The Joy of Repurposing

Museum of Everyday Life. "Embarking on our mission of glorious obscurity"

Museum of Everyday Life. "Embarking on our mission of glorious obscurity"

At the Museum of Everyday Life, simple objects of daily life from the toothbrush to the pencil are arrayed in several contexts: as exactly how they were created to function; as material for a new art form; or as a way to tell a story. So there’s a vacuum cleaner for the dust exhibit; there’s a bird crafted from safety pins; and there’s a mirror staged as the pond through which Narcissus was bewitched by his own image and reincarnated today as a flower and an allegorical description for self-obsession.

In this way, the museum elevates things we take for granted by repurposing them and forcing us to take notice. We come to realize that our things, processed through our imaginations, take on new meaning. It is as though the objects are talking to us directly with the museum curators merely amplifying their still, small voices like the people of tiny Whoville in the Dr. Seuss story “Horton Hears a Who” crying out, “We are here! We are here!”

Often we imbue our stuff with affection like an old T-shirt or mug; your object of sentimental attachment is the one you can’t bring yourself to part with it even after you declare spring cleaning time. But as a whole everyday things in our homes are usually invisible to us.

The quiet and humorous atmosphere of this museum belies the seriousness of its message. In my contemplation as a "philosopher in residence" here, I not only come to appreciate my toothbrush, I consider the people around me. More often than not in our daily lives, we are oblivious to the individuals who, through their work, enable us to live our lives. Think of the young man at the checkout counter, the elderly woman who volunteers at the library, the immigrant father who mows the lawn, the young woman who brings all tidings rain or shine as a letter carrier, and the unknown artists of all ages who painted the colorful mural in the viaduct you pass through every day on your way to work.
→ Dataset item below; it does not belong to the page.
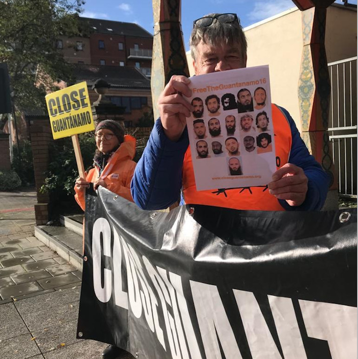 y a los coches pitar por el cierre de Guantánamo. Foto de UK Guantanamo Network
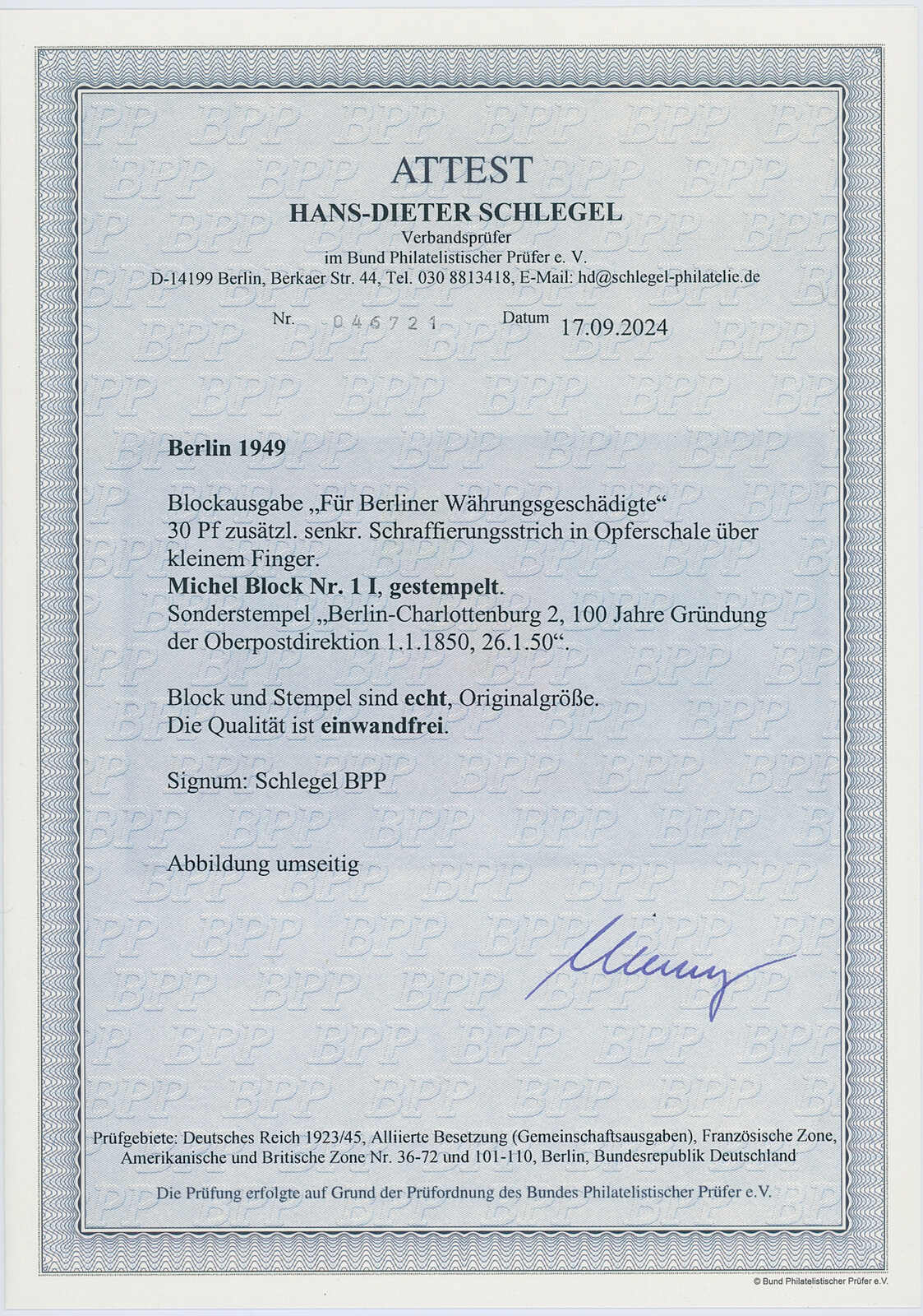 Michel-Katalogwert: -,--, mind. 3.500,-- wie Block 1 II und Block 1 III

Let’s go further than this. People are not their function. Other people and the natural world do not revolve around us. They belong to themselves like unique pebbles that interface with us only through their radiance as outward moving ripples in a pond.

When we repurpose our minds to view people, animals and plants as beings rather than functionaries, we recast the world from object to subject. We come to realize in the spirit of wonder and gratitude that the well-being of all life is the universe in balance.